てんてん
tooi kuni no chiisana hanayome
本品は『遠い国の小さな花嫁』のコミコミ特典小冊子です。
本編後、おとぎばなしについてのお話です。
サガルはローランに嫁いできて不思議に思っている事がありました。
誰に相談していいかわからず、自分の思いすごしかも知れないと思う
し、自分が気にしなければいいだけのことだともおもいますが、
何か変だなという思いが消えません。
刈り取った羊の毛を毛糸にするための作業をしていたサガルに、馬の
手入れをしていたローランが気になったのか声を掛けてきます。
どうやら考え事をしていて手が止まっていたようです。

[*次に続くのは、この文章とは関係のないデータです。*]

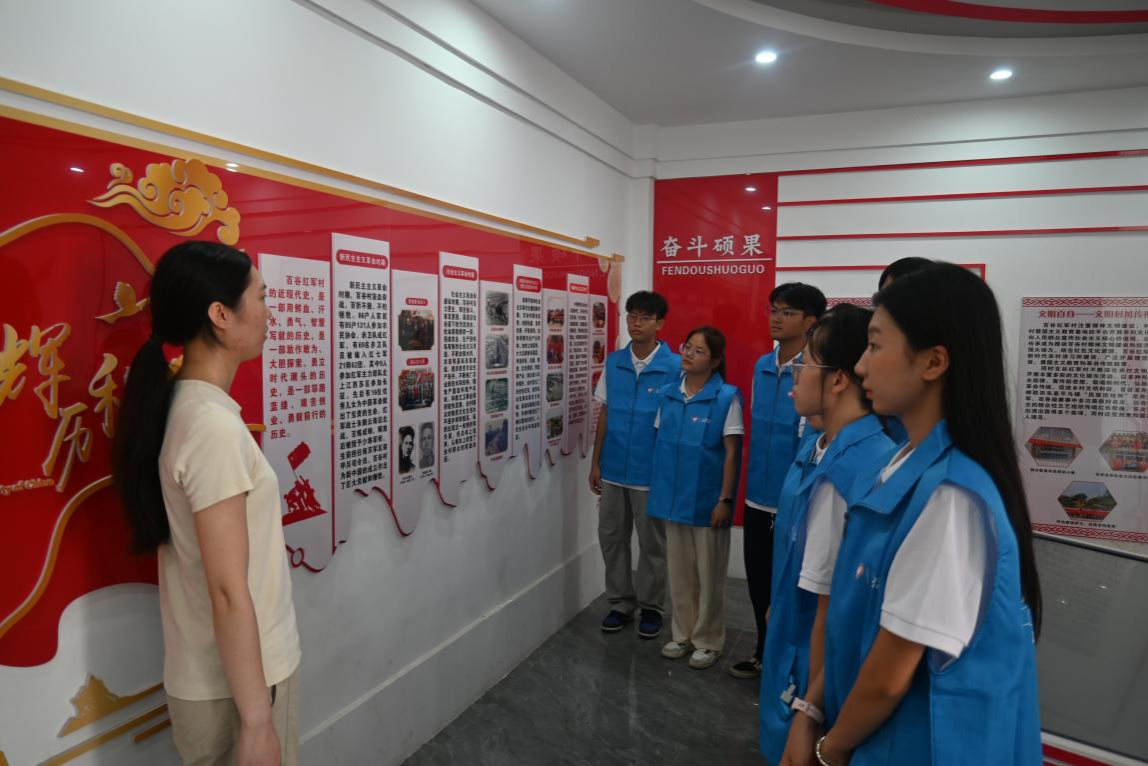 在广西百色市田东县百谷村——这片被誉为“红军村”的革命热土,服务队将“百色起义精神”与“两弹一星”精神有机衔接。队员们参观百谷红军村陈列馆,重温恩隆暴动历史,并走访93岁高龄的红军烈士亲属韦四妹老人,聆听革命家庭的坚守与牺牲。通过实地研学与口述访谈,青年学子在历史现场感悟信仰力量,寻找不同时代奋斗者的精神。

何でもないと
応えますが、しげしげとサガルをみつめると、大きな体を小さくして
作業用の粗末な椅子に座りました。
ローランはサガルの2倍は大きいブラシをかけ始め、納屋には2人の
たてる作業の音のみ響きます。単調な作業は1人でやっている時にな
りませんが、近くに人がいるとなるとおしゃべりをした巻くなるも
のです。
サガルはローランに前から気になっていたおとぎ話について訊いて
みる事にします。
この国のおとぎ話ってあれで会ってるんですか?
お姫様が7人の小人と森で幸せに暮らしましたってお話とか
魔法使いにドレスを貰ってお城で王子様と結婚したとか
変じゃないですか?
ローランにはそれが普通だと言います。そこでサガルは自分の知る
おとぎ話の内容を話すのですが・・・
A5判カラー表紙(文庫カバー同イラスト)12頁というボリュームで
サガルがおとぎばなしの疑問をローランに訊ねるお話です。
サガルのブラシをかける音が速くなると、ローランもブラシをかけ
る手を速めます。
7人の小人の所にいたお姫様は毒林檎を食べて死んでしまわないの
ですか?
ローランはなぜそんな物騒な事になるのか、死んでしまったらとて
も悲しいだろうと顔をしかめます。しかも死んでも隣国の王子が
キスで目覚めさせると言うと、どうして王子は死んでいる姫にキス
するのかと問を重ねてくるのです。
そしてローランがもう一度結婚を申し込んでくれた時の靴を灰かぶ
りにちなんだと自慢気に言うのを聞いて、どんな話になっているの
かと笑っていしまった事を思い出したようです。
この国の灰かぶりはタイトルも違うし、舞踏会に行ってそのまま
幸せになるのですが、サガルの知るお話では12時になると魔法が
解けて、王子は残されたガラスの靴を元に灰かぶりを探すという
波乱万丈なお話なのです。
こちらには幸せな話しかないのかと口にするとローランは、父親
から聞いて不思議だった昔話をしてくれます。
ある国の王様は1人の美しい女を妻にしますが、女の腰から下は
鹿でした。2人の間にできた子供は蓮のつぼみの1枚1枚の間に
挟まった状態で30人位生まれるのですが、気味が悪くなった王は
蓮のつぼみを川に流してしまいます。下流にある王国にながれつ
いた蓮のつぼみはについた王子たちはその国の国王夫婦の子とし
て育ち・・・
このお話にサガルは「なんで」を連発し続け、かなり不思議なオチ
を迎えてびっくりします。ローランも同じように思ったと言い、
お互いにハリファはどう思うだろうと想像し、微笑みあうという
ほのぼのした終幕でした。
国によって物語が違うように、人によって物の見方がまるで違う
けれどそれに良し悪しはないのだと言うスタンスなのかな。